The 2022 event, which ran from 25 February to 13 March, was the 21st edition of the festival, making it the longest-running festival of world cinema in the UK. Over half the films were UK online premieres.

For its 22nd edition in March 2023, the festival toured Wales—visiting Aberystwyth, Oswestry, Swansea, and Fishguard—bringing together 16 international premieres, with a particular focus on Indigenous cinema, Ecosinema, and a special “Made in Bangladesh” strand.

The 23rd edition (March 11–28, 2024) featured a Wales-wide cinema tour including Bangor, Swansea, Cardigan, and Aberystwyth, alongside an online UK-wide audience. During this edition, Annita Nitsaidou, WOW's Marketing Officer and Programmer, assumed the role of Interim Festival Director, overseeing a diverse programme of global fiction, documentaries, Welsh and International shorts, Q&As, and the return of Ecosinema. For the first time, the festival was curated by an all-female programming team, marking a milestone in its commitment to inclusive leadership. This edition featured a collaboration with the Aberystwyth University's International Politics Department and that included the exhibition and screening of 7 projects realised with the support of the Creating Safer Space project, an international research and impact collaboration, which aims to understand and support unarmed civilian protection and self-protection amidst violent conflict.

In her first official year at the helm, Annita Nitsaidou led the 24th WOW Festival (21 March–4 April 2025), with key screenings in Bangor, Carmarthen, Fishguard, and Aberystwyth Arts Centre.
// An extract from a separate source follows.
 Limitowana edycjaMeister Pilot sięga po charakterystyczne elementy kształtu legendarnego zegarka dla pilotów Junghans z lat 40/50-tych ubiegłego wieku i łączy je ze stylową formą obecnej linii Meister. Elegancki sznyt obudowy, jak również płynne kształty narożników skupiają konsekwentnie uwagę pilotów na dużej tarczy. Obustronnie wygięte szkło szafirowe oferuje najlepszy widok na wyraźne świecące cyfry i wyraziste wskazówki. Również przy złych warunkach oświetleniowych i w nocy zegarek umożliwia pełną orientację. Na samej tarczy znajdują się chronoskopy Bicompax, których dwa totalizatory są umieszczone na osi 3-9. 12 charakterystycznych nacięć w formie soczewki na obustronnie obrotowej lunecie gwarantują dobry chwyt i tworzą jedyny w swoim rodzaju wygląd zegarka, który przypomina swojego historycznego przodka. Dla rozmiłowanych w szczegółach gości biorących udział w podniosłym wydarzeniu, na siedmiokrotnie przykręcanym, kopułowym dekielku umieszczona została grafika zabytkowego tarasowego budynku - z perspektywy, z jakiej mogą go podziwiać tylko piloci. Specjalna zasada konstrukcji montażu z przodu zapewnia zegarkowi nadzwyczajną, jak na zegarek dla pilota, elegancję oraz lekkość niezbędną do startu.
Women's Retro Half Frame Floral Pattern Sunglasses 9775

Under her direction, the festival embraced an ambitious programme themed around “Peace, Trust, and Resilience”, spotlighting high-profile UK and Welsh premieres in its Ecosinema and “Made in Wales” strands, including feature fiction films from Palestinian female filmmakers such as the award-winning titles The Teacher by Farah Nabulsi and Thank You For Banking With Us by Laila Abbas.

==Description==
The festival is supported by Ffilm Cymru Wales, the Film Hub Wales (as part of the BFI Film Audience Network (FAN), made possible by The National Lottery), the Arts Council of Wales. In 2021 the Festival was also supported by the Welsh Government's Cultural Recovery Fund while in 2025 it received the Jobs Protection and Resilience Fund from the Arts Council of Wales. It is dedicated to world cinema, screening films mostly from Africa, Asia and Latin America, aiming to show under-represented national cinema industries. Its specialised programming allows for "visionary cinema" to be screened in a way that regular circuits do not allow.
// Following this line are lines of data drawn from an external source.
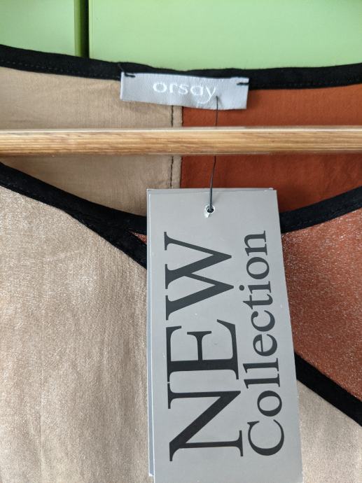 Nova še z etiketo, sicer je številka 38 ampak je širši kroj, obseg okrog prsi oziroma pod pazduho je 104cm
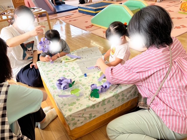 親子で協力をしたり、側でお子さんに応援されたりしながら糊で輪を繋げました。
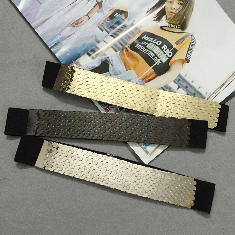 Product Information:Product Category: WaistbandApplicable gender: femaleColor: gold, silver, blackWidth: Thick (>4cm)Size: 68cm in total length and 4.5cm in width Material: metal
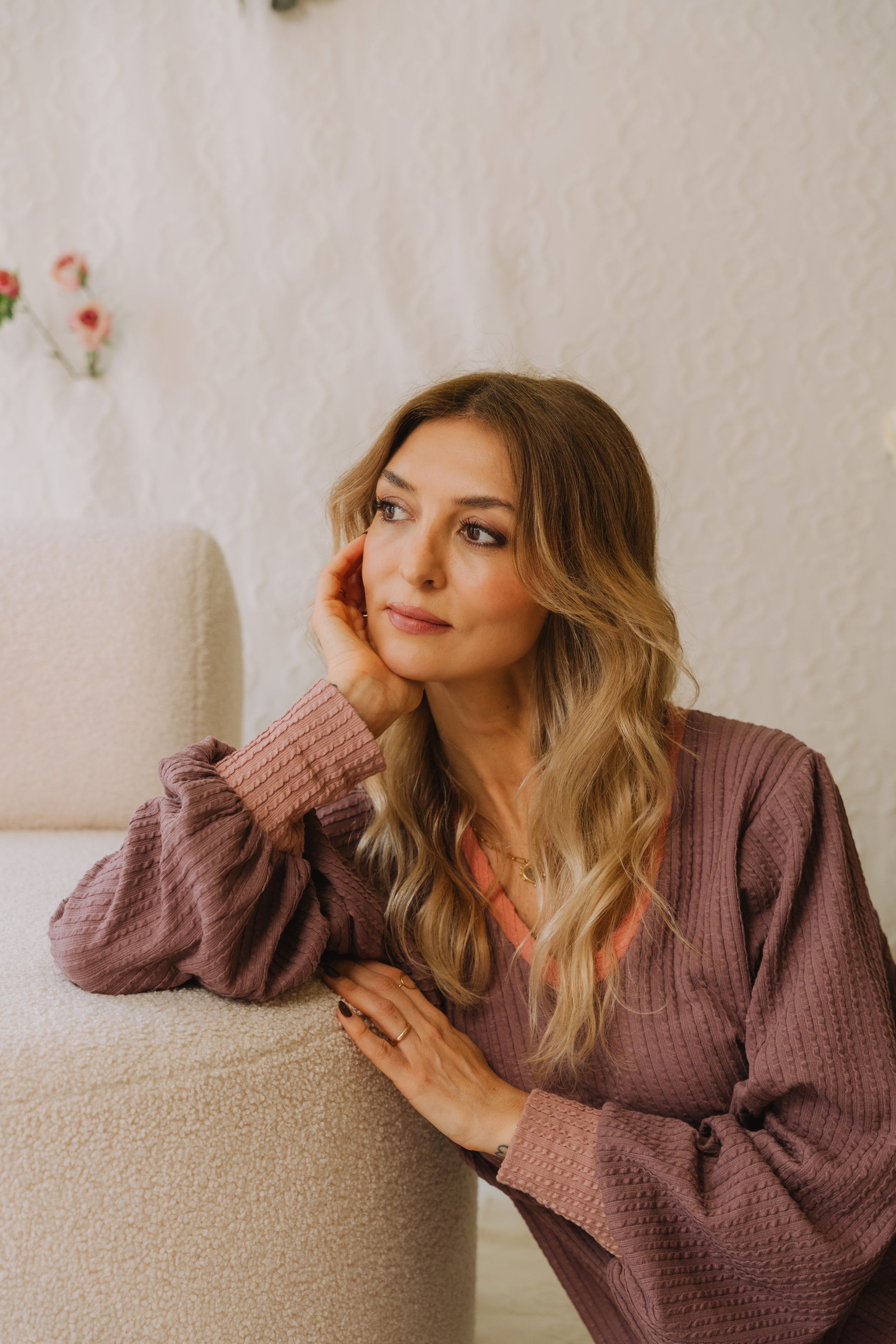Decote redondo em coral pastel. Manga ligeiramente franzida no ombro e bastante abalonada no punho. Punho alto em tom rosado.

Until 2023, the Director of WOW was the Founder of the festival, David Gillam, who was also inaugural director of Borderlines Film Festival from 2003 to 2013. In 2023, David Gillam stepped down and joined the WOW Board and Annita Nitsaidou, formerly the Marketing Officer and one of WOW's Programmers, took over as Festival Director.

The Abertoir festival, Iris LGBT+, and Native Spirit Festival are partner festivals of WOW. A selection of short films made by Welsh emerging filmmakers, under the banner of Ffilm Ifanc, are premiered in a section called Made in Wales.

==Climate Stories==
The Bangladesh Cymru Climate Stories film project is a collaborative project between Dhaka DocLab in Bangladesh, and Wales One World Film Festival, focused on making films about climate change. The British Council is funding the project to the tune of £74,995. Four short films "on the theme of women building sustainability and resilience in response to climate change issues" will be selected from entries by filmmakers aged 18–35, two each from Bangladesh and Wales. The winning entries will be shown at the 2023 WOW Film Festival.